%%
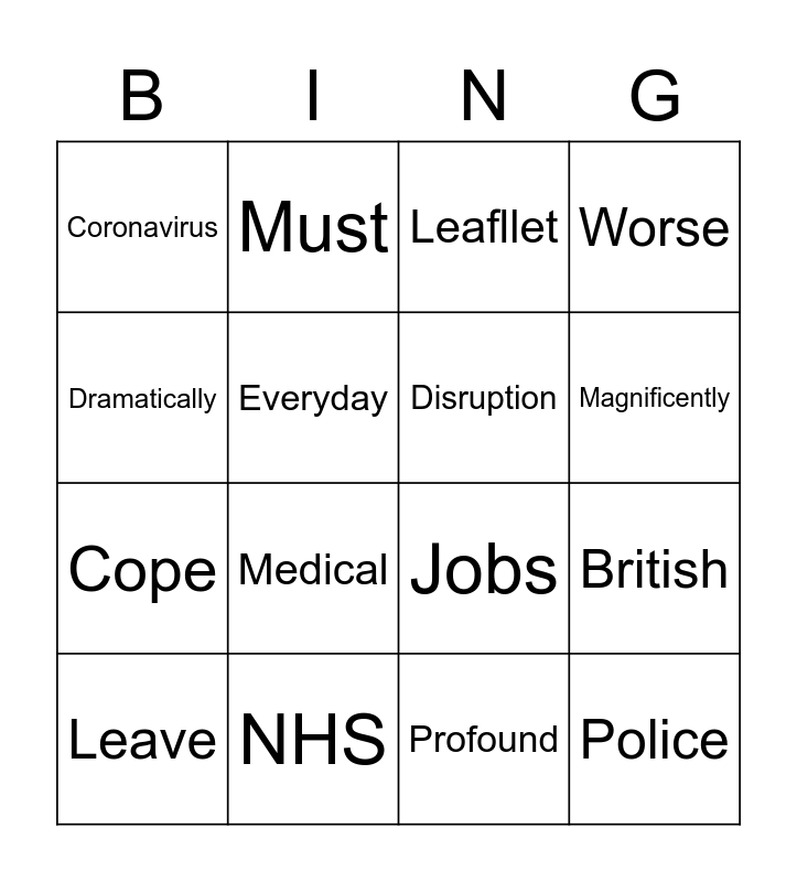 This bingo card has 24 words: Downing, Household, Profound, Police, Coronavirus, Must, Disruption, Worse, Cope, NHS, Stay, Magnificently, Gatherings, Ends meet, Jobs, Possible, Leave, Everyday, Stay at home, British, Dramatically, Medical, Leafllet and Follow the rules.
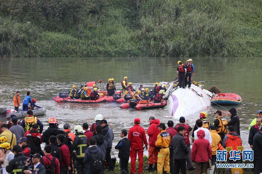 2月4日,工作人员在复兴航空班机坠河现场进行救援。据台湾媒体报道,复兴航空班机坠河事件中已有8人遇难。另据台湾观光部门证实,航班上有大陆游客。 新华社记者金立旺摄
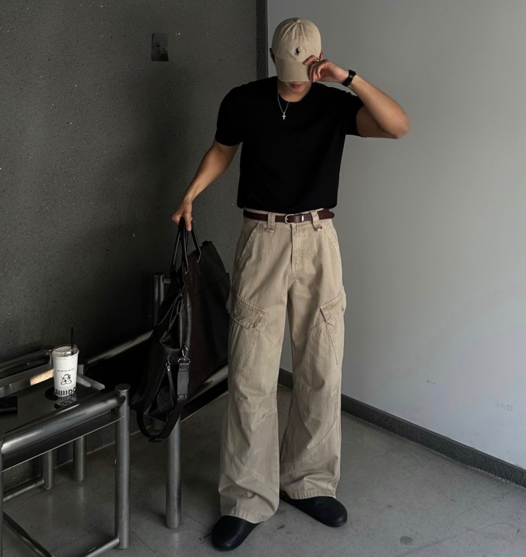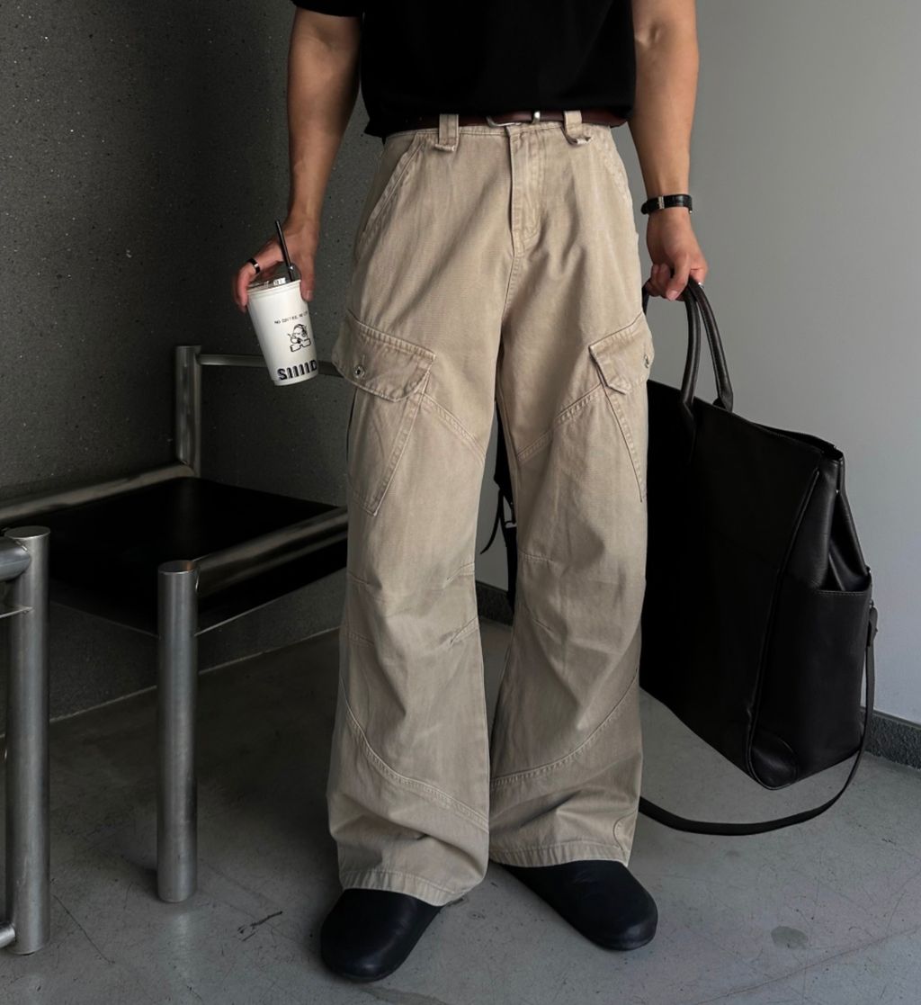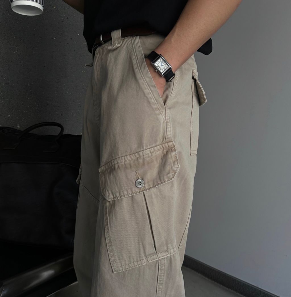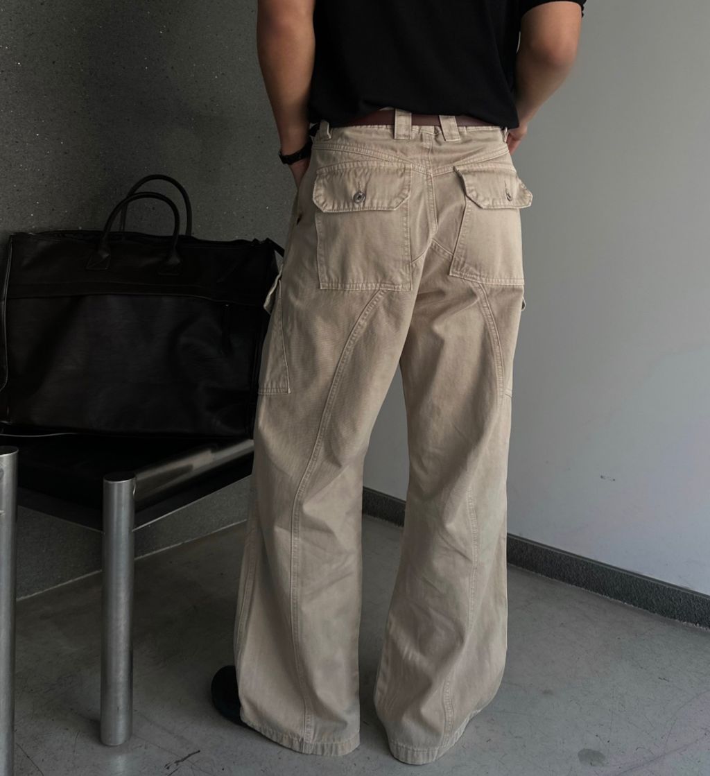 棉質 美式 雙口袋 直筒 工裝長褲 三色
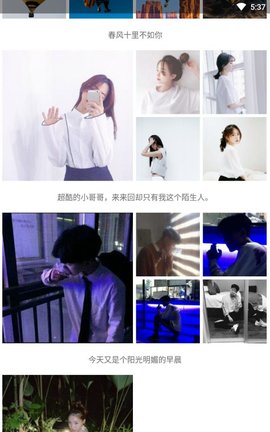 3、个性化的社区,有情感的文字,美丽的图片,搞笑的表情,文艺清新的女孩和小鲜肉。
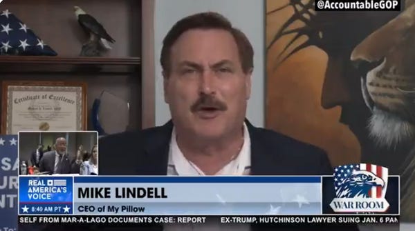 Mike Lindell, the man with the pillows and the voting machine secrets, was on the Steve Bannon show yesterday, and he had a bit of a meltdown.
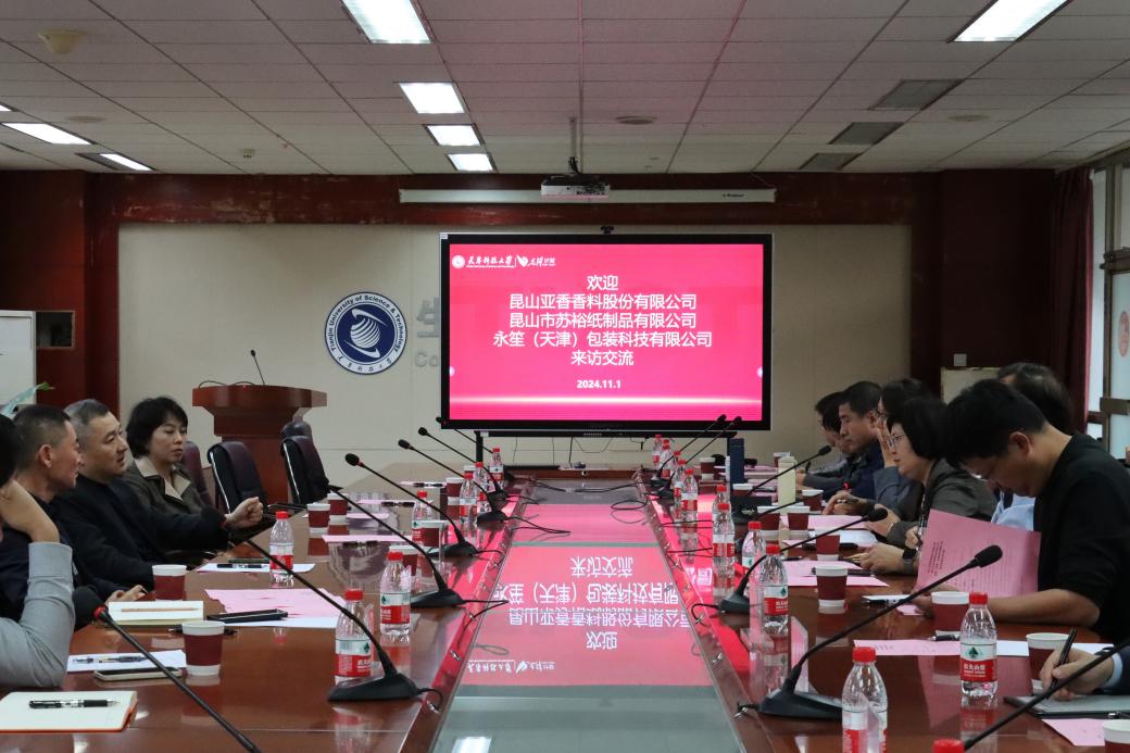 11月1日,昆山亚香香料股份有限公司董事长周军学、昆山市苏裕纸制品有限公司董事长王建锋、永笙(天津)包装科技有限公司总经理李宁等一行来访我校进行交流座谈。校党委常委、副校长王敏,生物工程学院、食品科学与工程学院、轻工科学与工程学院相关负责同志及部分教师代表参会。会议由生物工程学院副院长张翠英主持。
%%
WHAT IS REQUIRED: Without any of the pictures, set the entries down again exactly as written.

THE COMPLETED TASK:
 This bingo card has 24 words: Downing, Household, Profound, Police, Coronavirus, Must, Disruption, Worse, Cope, NHS, Stay, Magnificently, Gatherings, Ends meet, Jobs, Possible, Leave, Everyday, Stay at home, British, Dramatically, Medical, Leafllet and Follow the rules.
 2月4日,工作人员在复兴航空班机坠河现场进行救援。据台湾媒体报道,复兴航空班机坠河事件中已有8人遇难。另据台湾观光部门证实,航班上有大陆游客。 新华社记者金立旺摄
 棉質 美式 雙口袋 直筒 工裝長褲 三色
 3、个性化的社区,有情感的文字,美丽的图片,搞笑的表情,文艺清新的女孩和小鲜肉。
 Mike Lindell, the man with the pillows and the voting machine secrets, was on the Steve Bannon show yesterday, and he had a bit of a meltdown.
 11月1日,昆山亚香香料股份有限公司董事长周军学、昆山市苏裕纸制品有限公司董事长王建锋、永笙(天津)包装科技有限公司总经理李宁等一行来访我校进行交流座谈。校党委常委、副校长王敏,生物工程学院、食品科学与工程学院、轻工科学与工程学院相关负责同志及部分教师代表参会。会议由生物工程学院副院长张翠英主持。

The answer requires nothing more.